Binding an X handle to a payout wallet can’t be done trustlessly — there’s no on-chain oracle for “who owns @handle.” Every production system that does this (across the industry) relies on a centralized sign-in to verify control of the account. Hoodl is transparent about the trade-off:

  • Verification uses Privy’s “Sign in with X” — the standard OAuth flow. Hoodl does not use a paid X API.
  • On-chain, the split contract only ever knows addresses. After you prove control of the handle, a protocol linker writes the handle → wallet binding on-chain (the escrow’s linkHandle) — the single, auditable trust point.
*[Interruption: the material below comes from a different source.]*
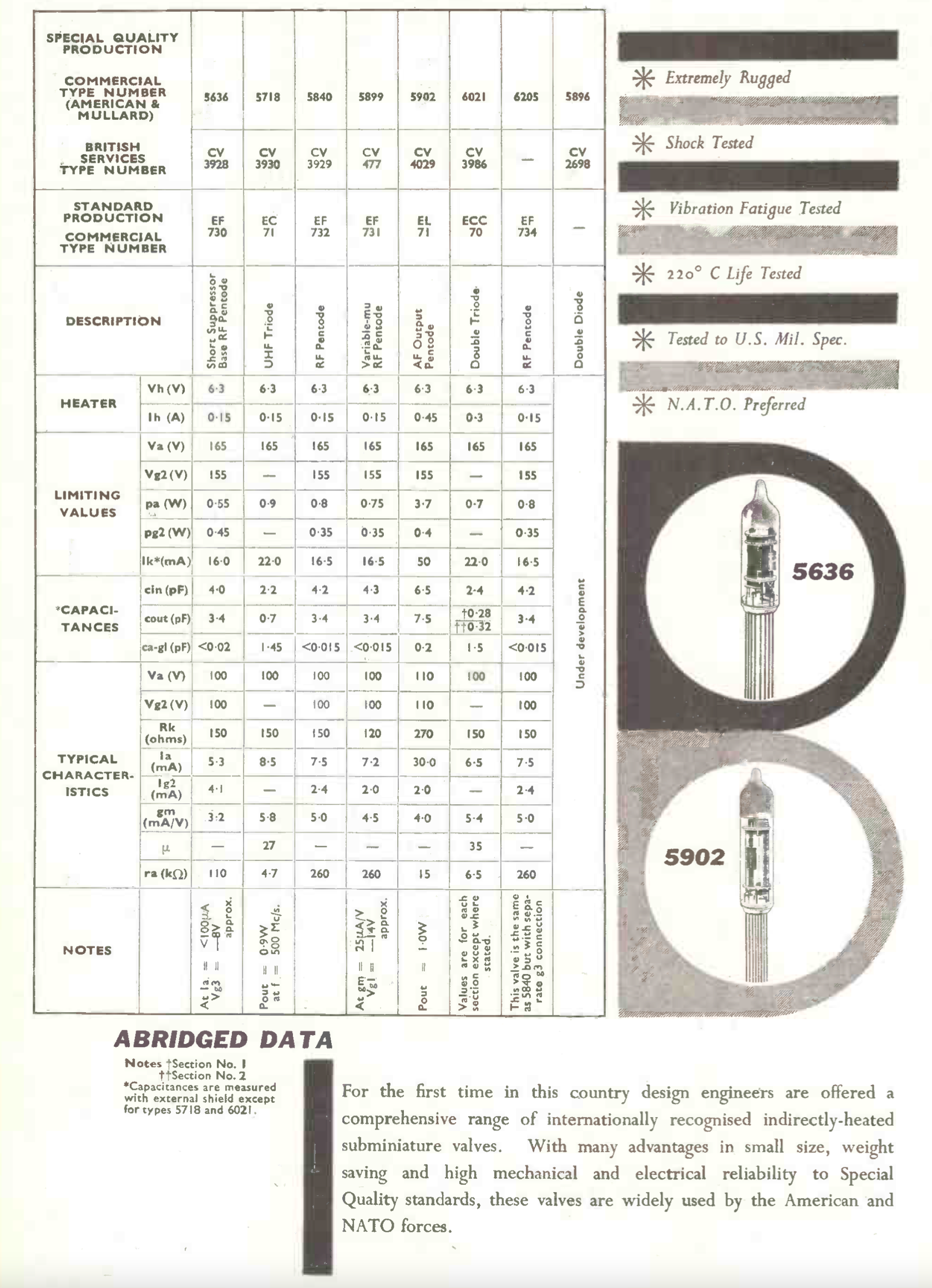 5840 5840W, CV3929 EF732 SYLVANIA, TELEFUNKEN, AK-47 MkII,ELA, M260, MICROPHONES,

From then on the wallet can claim, and future fees for that handle credit it directly.
  • Until a handle is linked, its share sits in escrow keyed to the handle — safe, and claimable later.
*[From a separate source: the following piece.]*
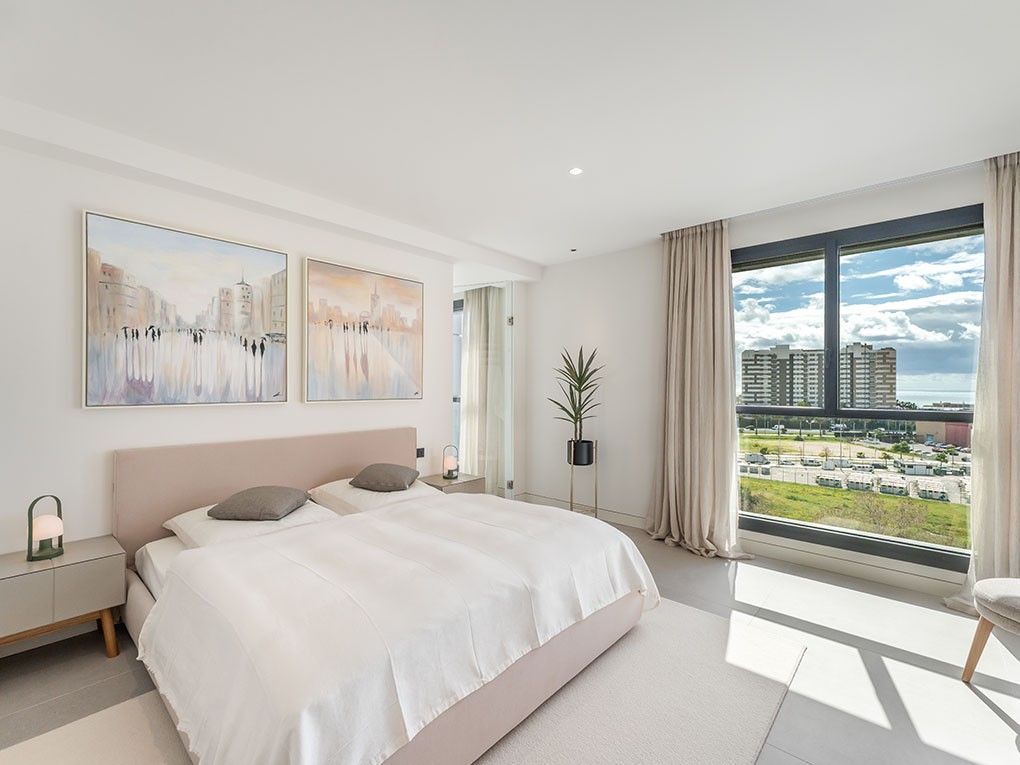 Ten wyjątkowy penthouse łączy w sobie luksusowy design, maksymalny komfort życia i bezkonkurencyjną lokalizację - zaledwie kilka kroków od plaży i portu Portixol. Zabytkowe stare miasto i tętniące życiem centrum Palmy znajdują się w odległości krótkiego spaceru, a lotnisko oddalone jest o zaledwie siedem minut jazdy samochodem. Zaprojektowany przez znanego architekta Andreu Crespí (CMV Architects), ten nowy budynek wyznacza nowe standardy w zakresie projektowania, jakości materiałów i zrównoważonego rozwoju. Dzięki certyfikatowi energetycznemu klasy A i przyjaznemu dla środowiska ogrzewaniu geotermalnemu, kompleks mieszkaniowy spełnia najnowocześniejsze standardy życia. Penthouse rozciąga się na dwóch piętrach i zachwyca przestronnym, dobrze przemyślanym układem pomieszczeń. Na niższym poziomie znajduje się jasny salon i jadalnia z designerską kuchnią na zamówienie, która jest płynnie zintegrowana z koncepcją otwartego planu. Na górnym piętrze znajdują się prywatne pokoje, w tym trzy eleganckie sypialnie z łazienkami. Dodatkowy pokój, obecnie używany jako salon telewizyjny, można łatwo przekształcić w czwartą sypialnię. Przestrzeń uzupełnia stylowa toaleta dla gości i oddzielna pralnia. Wyraźne oddzielenie części dziennej od sypialnej tworzy przyjemną atmosferę. Wysokiej jakości funkcje, takie jak ogrzewanie podłogowe, centralna klimatyzacja i technologia inteligentnego domu, sprawiają, że mieszkanie tutaj jest wyjątkowo wygodne. Dwa podziemne miejsca parkingowe i prywatna komórka lokatorska są wliczone w cenę zakupu. Ekskluzywny kompleks mieszkalny XO Residences Palma oferuje również swoim mieszkańcom zapierający dech w piersiach taras na dachu z basenem i strefą relaksu, nowoczesną strefę fitness i wellness, stylowy salon właścicieli, windy i najwyższej klasy całodobową obsługę konsjerża. Ten penthouse to nie tylko luksusowy dom, ale także doskonała okazja inwestycyjna w jednej z najbardziej poszukiwanych lokalizacji w Palmie. Każdy, kto ceni sobie design, komfort i pierwszorzędne otoczenie, znajdzie tutaj nieruchomość spełniającą najwyższe wymagania.

  • If someone changes their X handle or a link is made in error, a protocol multisig has narrow dispute tools to correct it; the blast radius is limited to future deposits and still-escrowed balances.
Typical launchpadHoodl
RecipientsOne walletUp to two, split by basis points
Address by X handleNoYes
Tag someone with no wallet yetNoYes — escrow keyed to the handle
”Launch for someone else”NoYes

The on-chain splitting idea is well-trodden (social fee-sharing has precedents on other chains). Hoodl’s contribution is making multi-recipient, X-addressable routing with escrow the centerpiece on an EVM launchpad — something typical launchpads don’t offer.

The recipient cap is two in the first version. The underlying contract is written to support more recipients (the cap is a configurable maximum), so it can be raised later without a redesign.